I can't seem to find any documentation or tutorials that shows the logic behind suppressions. Solar Winds does tell me how to create a suppression but does a very poor job at telling how this is put into action in the real world. I have not found any  posts on this forum that are answered very well either.


Solar Winds are you listening....


 


  • Clint,The main thing on which to focus is where the dependencies lie. In your scenario:All 25 servers depend on SwitchA, RouterB, and RouterA.SwitchA depends on RouterB and RouterA.RouterB depends on RouterA.

    What you will need to do is build a separate alert for each level of dependency. In your example, this would mean creating 3 alerts, each configured to suppress triggering, depending on the state of the devices on which they are dependent. For example, the suppression for a single alert that covers all 25 servers would look similar to the following. (This is just a quickie explanation, but if you need the detail of how it really looks in the alert config window, I can put that together tomorrow… Maybe…)  :)

    Suppress when:

    NodeName equal to SwitchA OR

    NodeName equal to RouterB OR

    NodeName equal to RouterA

    AND

    Node Status not equal to Up

    The reason I use "Node Status not equal to Up" instead of "Node Status equal to Down", is due to the fact that depending on where you are in the polling cycle, the routers or switch may still be in a "Warning" state when the servers are finally noted as "Down".

    If your primary concern is to suppress the individual server alerts when one of the three network infrastructure devices goes down, then this one alert will suffice. Naturally, if you want to suppress further up the line, then simply follow the same thought process.

    I hope this gives you something to go on. If not, too bad... emoticons_happy.png No, really, I'll try to come up with something more specific tomorrow.

    Vic

  • Clint, I noticed your question was marked as "answered", but if you still want me to post more detail, just let me know. emoticons_happy.png
  • Thank you.


     I have played with the alert suppressions of a "node going down" and think I have this manual process down although the product seems kind of brain dead in this area. There must be a better method to setup suppressions. You must agree that creating a new alert for each network device (Switch, Router) then adding the dependent upstream network devices to the suppressions tab is cumbersome. Maybe this can be improved by adding the features found in SW other products to the Orion discovery. The SW Tool set has port mapper and trace route so why can't "DEPENDENCIES" be added to the discovery process using these tools...  (forward that one to the SW developers).


     


    Also, Is it necessary to suppress alerts when an INTERFACE goes down? I am asking because the status of the interface is determined by an SNMP get. If the poller cannot get a response from an SNMP get the poller marks the interface as unknown and does not alert. If an upstream neighbor is completely down (power failure, catastrophic failure) then the SNMP get would never get to the downstream neighbor and the Orion would mark the interface as UNKNOWN and never fire an alert. ** So using our example, we are monitoring switch port, lets say 10, on SwitchA and Orion Reports the port UP. RouterB then dies and we lose connectivity to SwitchA. The poller cannot receive the reply from the SNMP get checking the status of SwitchA Port10 from switchA because routerB is dead. Is the "interface down" alert ever fired for SwitchA since the SNMP get was never received by the poller?


     


  • I agree that manually configuring alert suppression, especially in larger environments, is cumbersome at best. On the other hand, I also have a basic understanding of the potential complexities involved with building an intelligent dependency discovery and tracking mechanism. Maybe someday this will be included in Orion, but I wouldn't look for it any time soon. Remember, it's only relatively recently that we've begun to see some of what I would call more basic features included in the product, such as syslog / trap handling and custom mib support, and I feel like there is still a lot of work to be done in those areas to make those components more flexible and user friendly.

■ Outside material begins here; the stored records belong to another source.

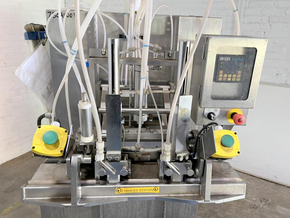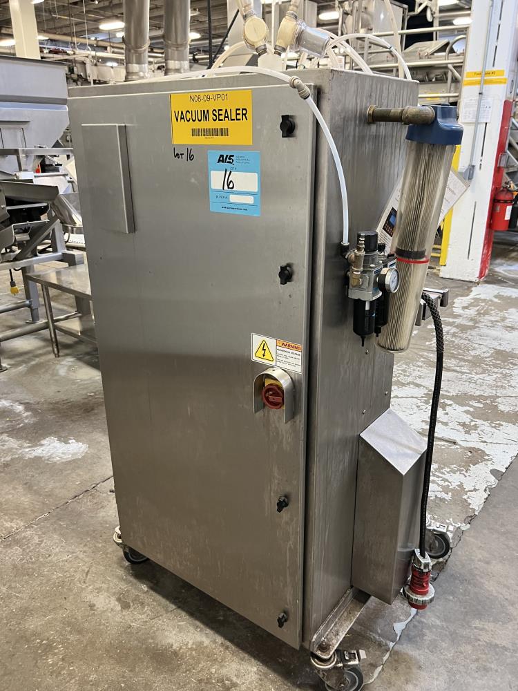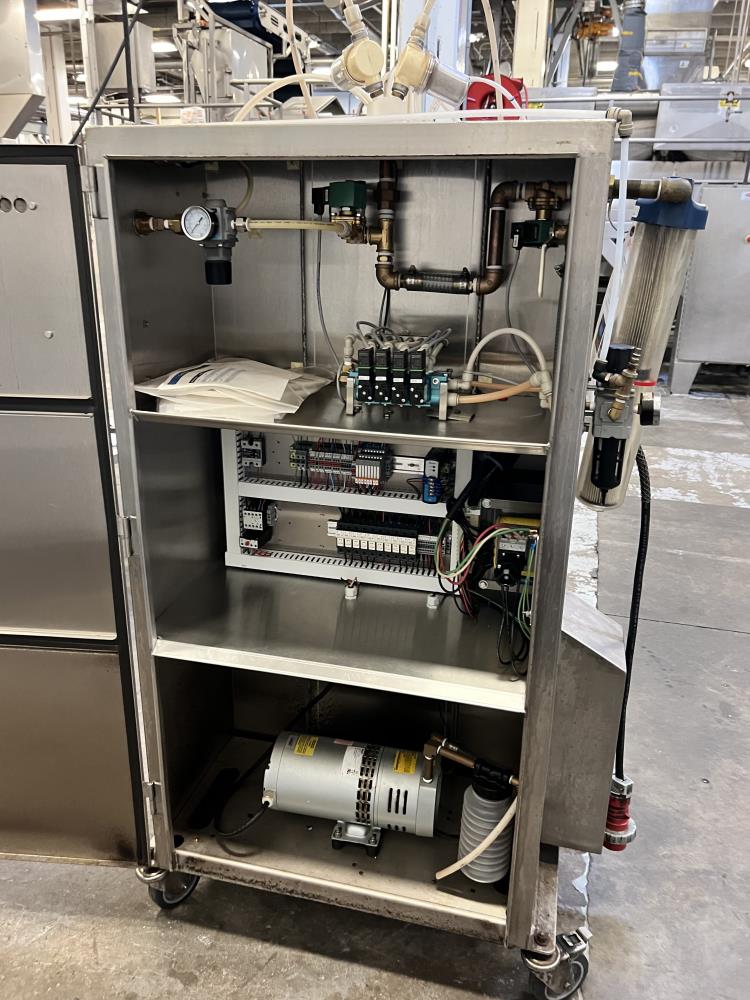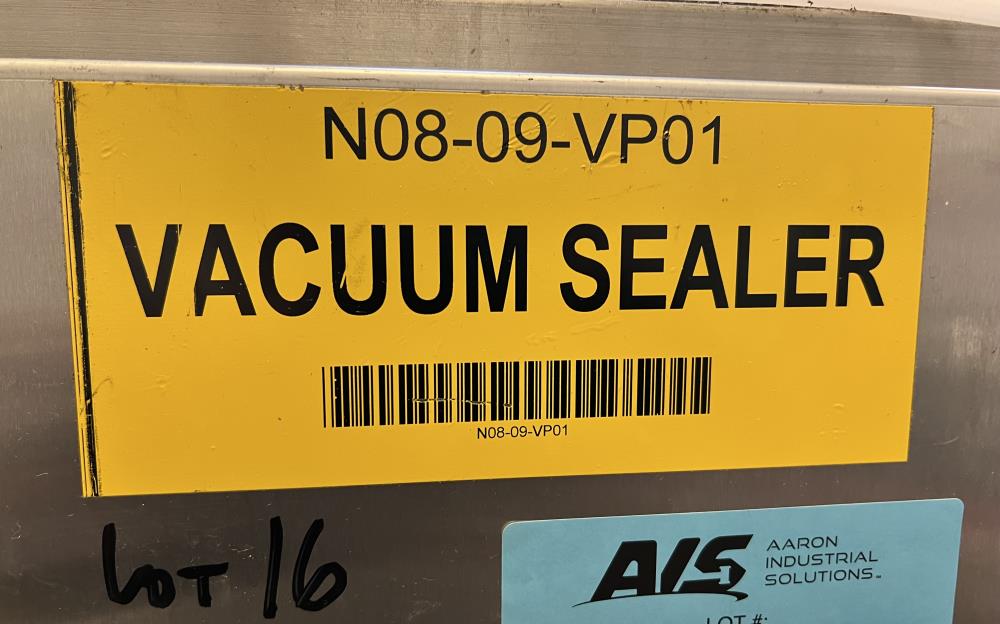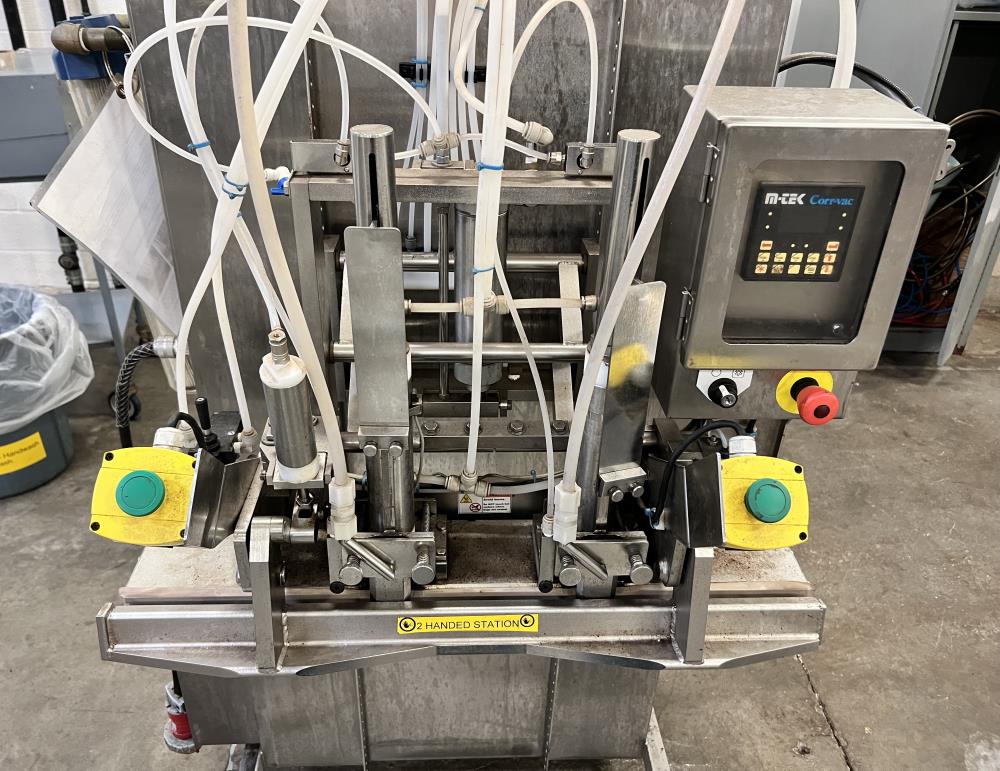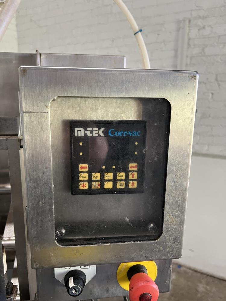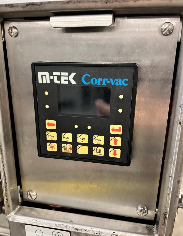 M-Tek Corr-Vac Vacuum Sealer, Model MK III. Approximate 30″ wide seal area. M-Tek controller. Gast model 1023-V103-G278E vacuum pump. Two hand control. Mounted on casters.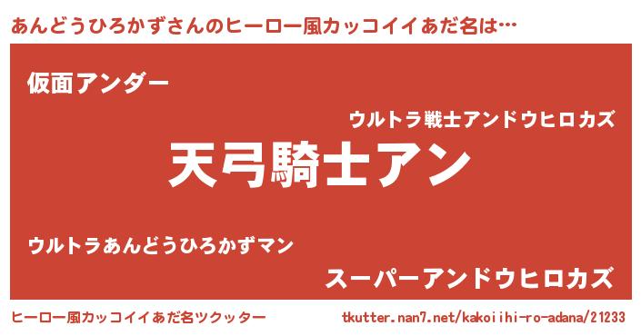 | 男性向けラノベタイトル風あだ名 | 『あんどうひろかずの嫁は女の子じゃないと思った?』 |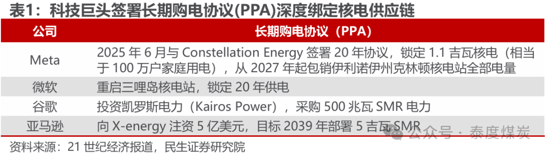 人工智能高算力催生稳定电力需求。伴随AI技术快速发展,微软、亚马逊、OpenAI等巨头先后布局,数据中心和云计算中心的算力需求急剧增加,国际能源署(IEA)预测,2030年全球数据中心电力需求将达945TWh,略高于日本当前总用电量,其中AI应用是主要增长引擎。数据中心需7×24小时不间断供电,而风电、光伏受天气制约,传统电网难以满足其高耗能需求,核电作为能够提供稳定基荷电力的低碳能源,除上述利用小时数远高于其他电源外,其全生命周期度电碳排放仅5.7克,不足光伏的1/10,因而开始受到科技巨头的青睐,其与核电公司签署长期购电协议(PPA),深度绑定核电供应链,从而催生未来稳定电力需求。

    In my opinion, SW has really stepped up recently and begun to add some much needed functionality, but it has also come at a price. As long as new features can be added as modules, the base product remains more accessible to a larger customer base, but the more features that are integrated into the base product, the more expensive it becomes. I'm sure this is something that's very much on the minds of the folks at SW. A truly functional event correlator, along with business impact determination and rule enforcement, is like the Holy Grail in the monitoring world, and would very likely come at a price. Something more basic might be more easily derived, but we will have to wait and see.

    As for the question of suppressing alerts for interface events in the given scenario, if your interface alert is configured to trigger when an interface goes "Down", then it should not trigger if the state of the interface is "Unknown". If you're alerting on all interface "Down" events for all interfaces along this entire path (without interface alert suppression) and suppressing alerts for devices behind RouterB, then you should only see two alerts; one stating that Router B is "Down", and one stating that the interface on RouterA that goes to RouterB is also "Down". To take it a step further, you could get even more granular by suppressing node "Down" alerts via suppression configuration on an interface, but that adds an even greater level of complexity to the mix.

    I think the trick to getting the most useful alerts from any alerting engine where suppression is possible, is to rationalize what makes the most sense for your given environment. To reduce the administration burden, target suppression only in the areas that make the most sense. Aggregation points such as core, distribution, and server farm switches and routers are likely targets. It all depends on the architecture of your particular environment and how much time and effort you're willing to spend to de-duplicate your alerts.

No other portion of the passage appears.